Significance: The result of the vote was expected, and Rousseff’s impeachment appears all but a formality now, with the senate expected to hold a final vote on whether she is impeached by the end of the month.
- Following a noisy 20-hour session overseen by the president of the supreme court (STF), Ricardo Lewandowski, the 81-member senate voted 59-21 to indict Rousseff on charges that she breached fiscal rules by borrowing from state banks to cover federal government budget gaps without informing congress, thereby allowing for additional spending ahead of the October 2015 general elections (in which Rousseff was re-elected for a second term and the leftist Partido dos Trabalhadores [PT] for a fourth consecutive term in government). An earlier report by the senate’s impeachment committee had also declared Rousseff a “dishonest administrator”, implying that she knowingly broke the fiscal rules.

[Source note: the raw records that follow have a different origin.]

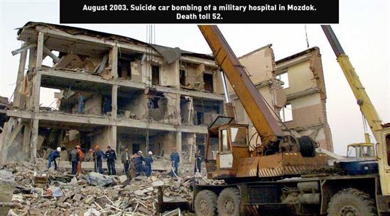 Ngày 01/ 8/2003: Một chiếc xe tải chở 10 tấn thuốc nổ đã lao vào một bệnh viện quân sự ở Mozdok, Bắc Ossetia, và san phẳng tòa nhà chính. Vụ nổ khiến 52 người thiệt mạng, trong đó có các binh sĩ đang được điều trị và nhân viên bệnh viện.
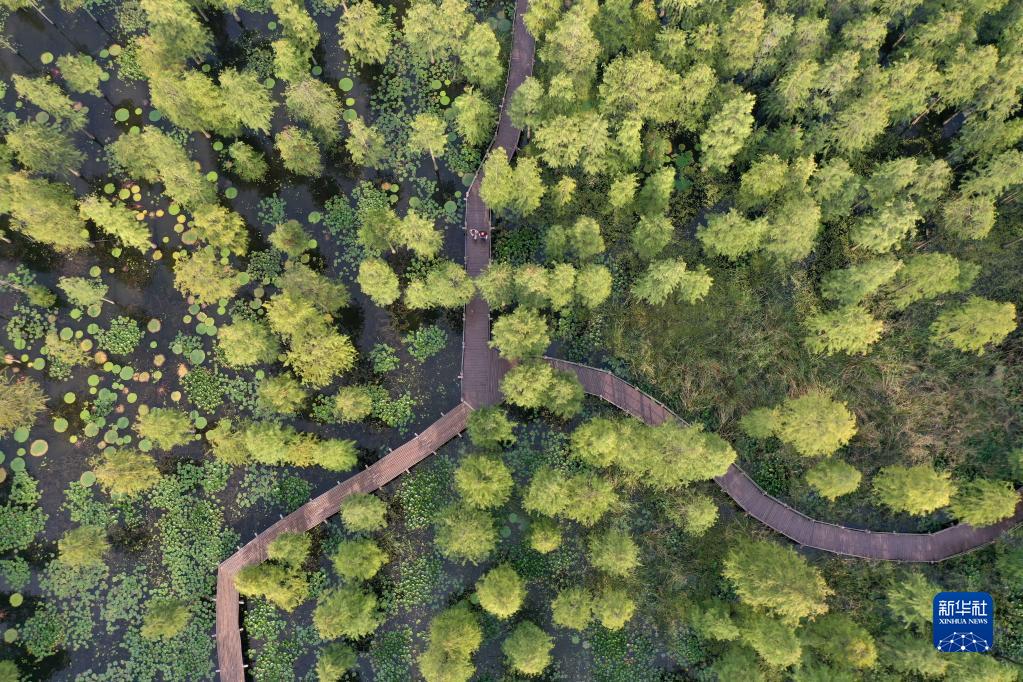 俯瞰池杉林(9月14日攝,無人機照片)。
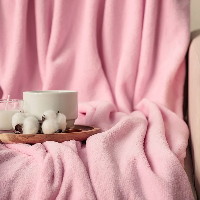 Плед Этель подходит для дивана в гостиной. Розовый цвет создаёт тепло, где семья смотрит фильмы вечером. Размер 150x200 см накрывает двоих.
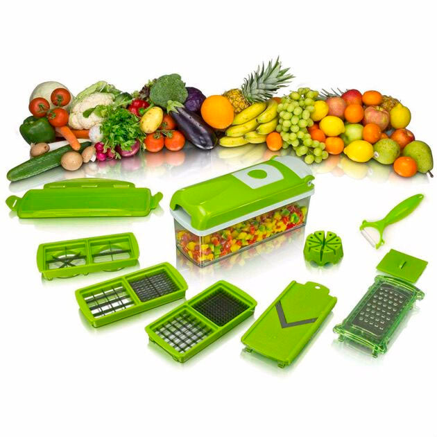 🧅✨ Picador multifuncional 11 en 1 — tu aliado perfecto en la cocina. Este práctico utensilio te permite cortar, picar, rallar y rebanar frutas y verduras con facilidad y precisión. Ideal para uso diario, su diseño compacto y materiales resistentes garantizan comodidad, eficiencia y durabilidad en cada preparación.
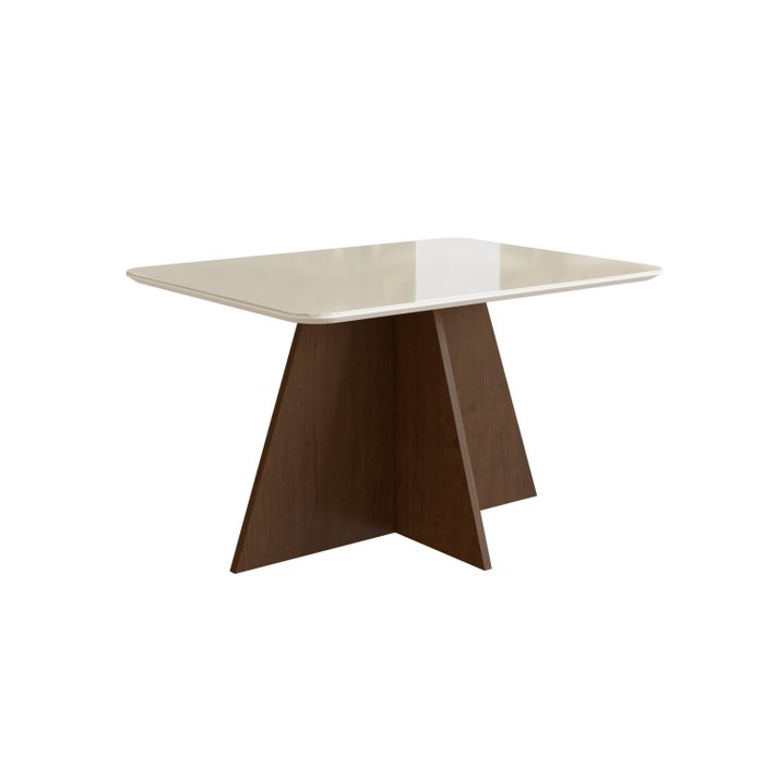 Mesa para Sala de Jantar 120x90cm com Vidro Lapidado Tabaco/Off White

- Rousseff continues to deny the charges and dismisses the whole impeachment process as a farce. The PT refers to it as a “coup d’état”. The PT secured external support for its position yesterday from the US senator for Vermont and recent presidential contender for the Democratic Party, Bernie Sanders. He issued a statement declaring the effort to remove Rousseff was “not a legal trial but rather a political one”, and he called on the US not to “sit by silently while the democratic institutions of one of our most important allies are undermined”.

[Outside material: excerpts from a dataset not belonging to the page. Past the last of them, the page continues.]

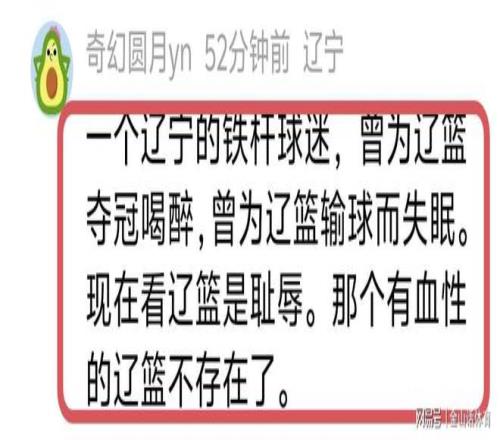 3战2败在杯赛早早出局,也令许多辽迷也感到愤怒,纷纷在网络平台吐槽“唉现在这些人完全看不到一点希望。”;“话都让你说了”;“阵痛没事,哪吒生了三年呢”;“一个辽宁的铁杆球迷,曾为辽篮夺冠喝醉,曾为辽篮输球而失眠。现在看辽篮是耻辱。那个有血性的辽篮不存在了。”;“还扯蛋呢,继续洗,睁着眼说瞎话!”……
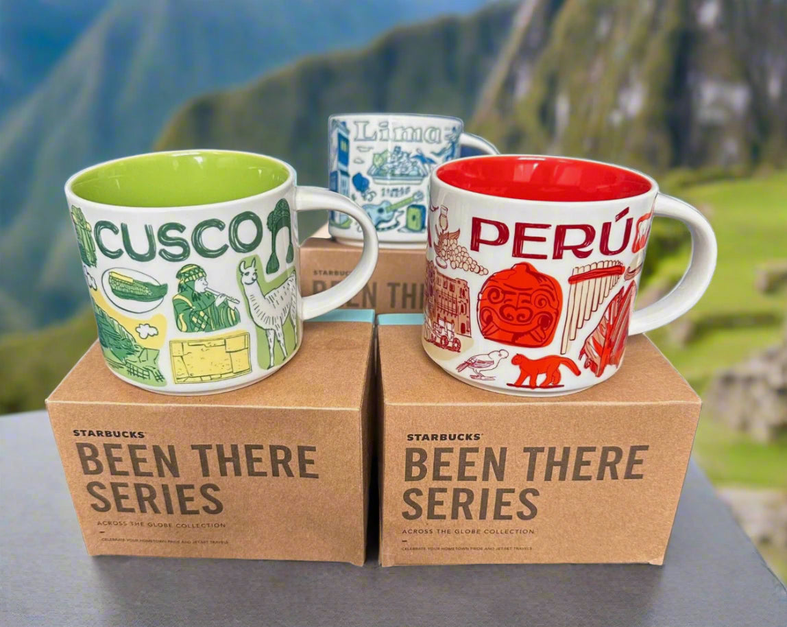 Vive la cultura vibrante del Perú con este set exclusivo de 3 tazas Starbucks de la colección Been There, con diseños de Perú, Cusco y Lima. Cada taza de cerámica de 14 oz viene nueva en caja y presenta ilustraciones coloridas inspiradas en las ciudades y tradiciones más emblemáticas del país. Ideal para amantes del café, coleccionistas o como regalo especial. Con tu compra, recibe de regalo té y galletas peruanas. ¡Stock limitado!
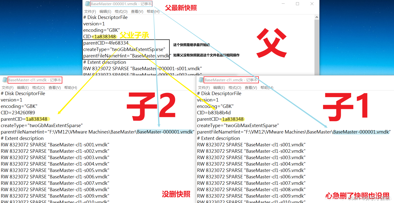 进入子的vmdk文档。替换 ①parentCID -> 父机的CID②parentFileNameHint -> 父机的vmdk路径;
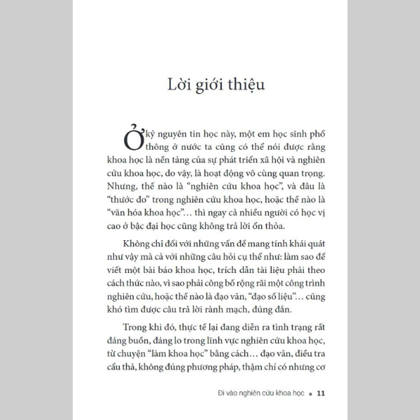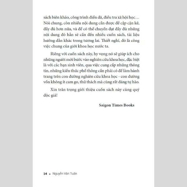 Riêng với cuốn sách này, hy vọng nó sẽ giúp ích cho những người mới bước vào nghiên cứu khoa học, đặc biệt là với các bạn sinh viên, qua việc cung cấp những thông tin, những kiến thức phổ thông cần phải có để làm hành trang trên con đường nghiên cứu khoa học - con đường vốn không ít cam go, thử thách mà cũng rất đáng tự hào.
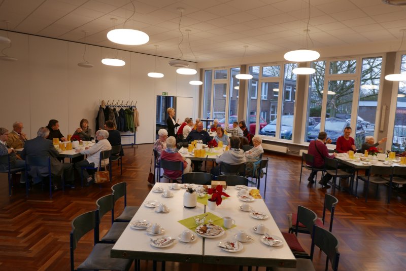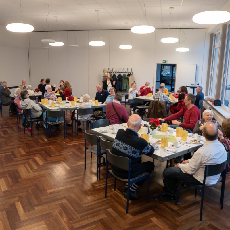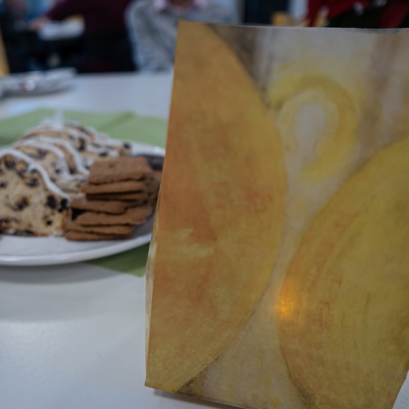 Nach dem Gottesdienst ließen sich die Gottesdienstbesucher*innen samt Pfarrer und Pfarrerin im Gemeindehaus nebenan Kaffee und Kuchen schmecken. Ein ganz besonderer Dank an Dieter Würfel, der in diesem Jahr besonders im Einsatz war, da die Helfer*innen der anderen Jahre durch Krankheit oder andere Gründe dieses Mal nicht dabei waren. Aber wie gut: Andere Anwesende halfen spontan mit. Auch Ihnen ein herzliches Dankeschön! So wurde die Botschaft und der Wunsch des Gottesdienstes gleich konkret: Die Feiernden wurden einander zu Engeln!

- While Rousseff still has vocal supporters, some of whom have sought to make their voices heard at the Olympic Games currently being held in Rio de Janeiro, others in Brazil are taking a pragmatic view and want to move forward after nine months of unprecedented political and economic upheaval. The senate vote reflected that point of view, with more senators voting against Rousseff than in May, when the upper house voted 55-22 in favour of advancing with her impeachment process after it was initiated by the federal chamber of deputies in December 2015, just weeks after Rousseff’s re-election.
Looking Ahead: A date for the final trial in the senate, expected to last a week, has yet to be set, but it could begin on 26 August. Two-thirds of the senate must vote to remove the president at the end of this trial in order to definitely remove her, upon which her interim replacement, Michel Temer, of the Partido Partido do Movimento Democrático Brasileiro (PMDB), Brazil’s largest political party, would be confirmed in his post until the next scheduled election, due in October 2018.